# Updating a Beta prior based on observations from a product of two Independent Bernoulli variables

I'm working on a problem involving Bayesian updating with a Beta prior, but the data I observe comes from a slightly complex source.

Let $$X \sim \text{Bernoulli}(p)$$ and $$Y \sim \text{Bernoulli}(q)$$, where $$q$$ is known. I don't directly observe $$X$$. Instead, I observe $$Z = XY$$. I would like to estimate $$p$$.

Here are some intuition based on some preliminary calculations:

• If $$Z = 1$$, I believe the update on the prior $$\text{Beta}(\alpha, \beta)$$ should be $$\text{Beta}(\alpha+1,\beta)$$ since $$X$$ definitely equals 1.

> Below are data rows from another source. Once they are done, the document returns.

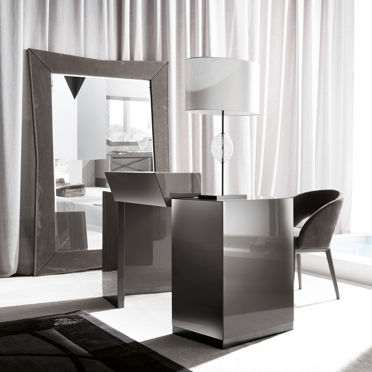 Vanity desk in high gloss polyester grey lacquer w/4 with fronts in natural protected nubuk leather, botton part in velvet fabric. Bases and handles bin black nickel steel.
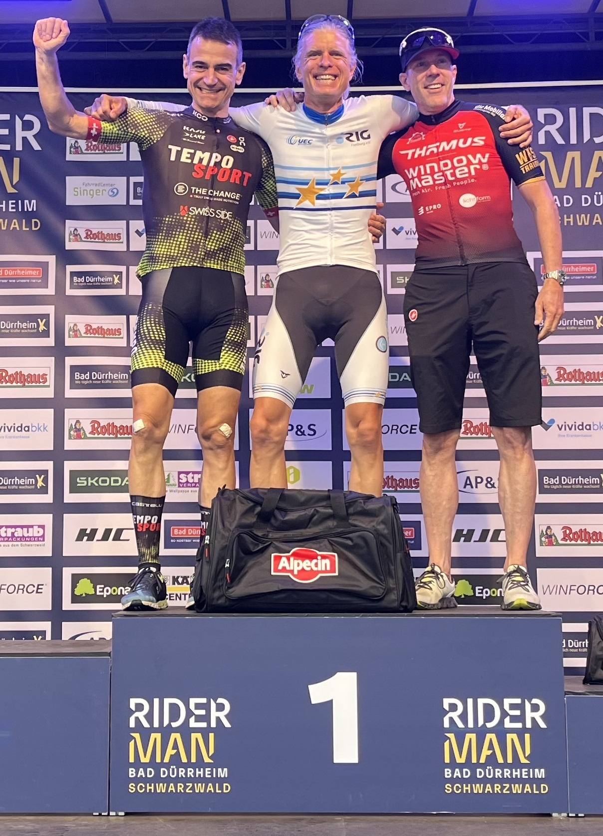 Marc konnte sich am Wochenende beim 3-Etappenrennen Riderman in Bad Dürrheim souverän den Gesamtsieg in seiner Altersklasse sichern. Beim Zeitfahren über 15.8 km am Freitag gewann Marc mit 25 Sekunden Vorsprung vor seinen stärksten Rivalen. Auf der zweiten welligen Etappe über 120 km mit einem 1 km-Anstieg mit bis zu 20% Steigung, welcher zweimal bewältigt werden musste, sicherte er sich den Tageserfolg im Sprint im Fotofinish. Bei der dritten Hochgeschwindigkeits-Etappe über 90km genügte Marc ein 2. Platz, um in der Gesamtwertung mit einem Vorsprung von ca. 1 Minute wieder ganz oben auf dem Podest zu stehen.
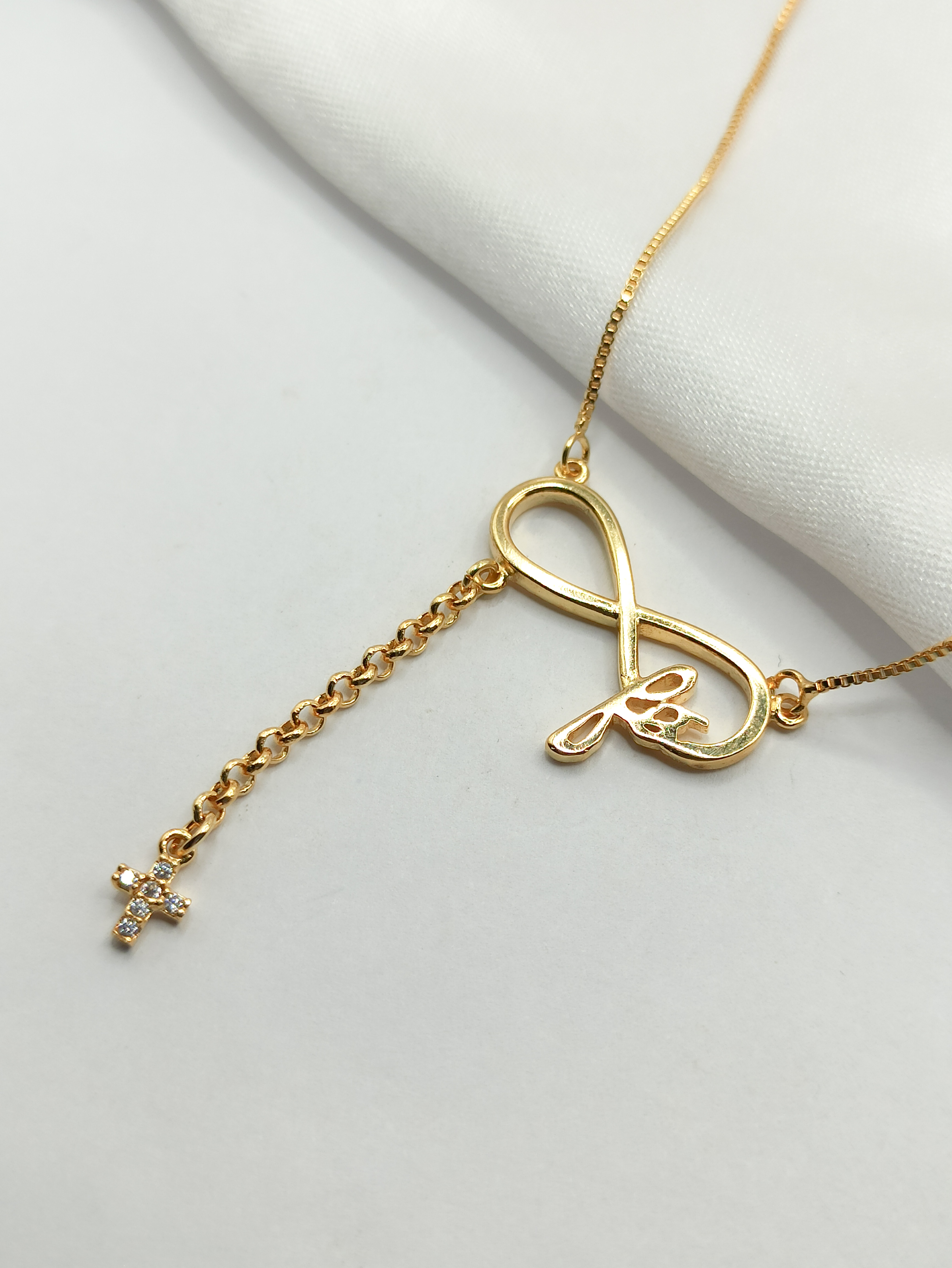 - COLAR INFINITO, FÉ E CRUZ ZIRCONIA 50CM BANHOOURO

• If $$Z = 0$$, I deduced that the update should be $$\text{Beta}(\alpha+P(X=1|Z=0),\beta+1−P(X=1|Z=0))$$.

Can someone provide a detailed proof or justification for these updates? Specifically, I'm interested in the logic behind the fractional update when observing $$Z = 0$$ and its validity within the Bayesian framework.

Your intuition here is not quite accurate and the situation is a bit more complicated than the way you are treating it. Nevertheless, since the parameter $$q$$ is known, this problem is a simple variation of the standard beta-binomial model used widely in Bayesian analysis. Since $$X \sim \text{Bernoulli}(p)$$ and $$Y \sim \text{Bernoulli}(q)$$ you have:

$$Z = XY \sim \text{Bernoulli}(pq).$$

If we observe IID data $$Z_1,...,Z_n$$ from this distribution then we obtain the sufficient statistic:

$$\dot{Z}_n \equiv \sum_{i=1}^n Z_i \sim \text{Bin}(n, pq).$$

Taking the prior $$p \sim \text{Beta}(\alpha, \beta)$$ then gives the posterior kernel:

\begin{align} \pi(p|\mathbf{z}_n, q) &\propto \text{Bin}(\dot{z}_n | n, pq) \cdot \text{Beta}(p|\alpha, \beta) \\[6pt] &\propto (pq)^{\dot{z}_n} (1-pq)^{n-\dot{z}_n} p^{\alpha-1} (1-p)^{\beta-1}. \\[6pt] \end{align}

Consequently, the posterior density function is:

$$\pi(p|\mathbf{z}_n, q) = \frac{(pq)^{\dot{z}_n} (1-pq)^{n-\dot{z}_n} p^{\alpha-1} (1-p)^{\beta-1}}{\int_0^1 (pq)^{\dot{z}_n} (1-pq)^{n-\dot{z}_n} p^{\alpha-1} (1-p)^{\beta-1} \ dp}.$$

The scaling constant determined by the integral does not have a closed-form solution so you would need to evaluate it numerically. Alternatively you could simulate from the posterior distribution using MCMC methods or importance sampling methods.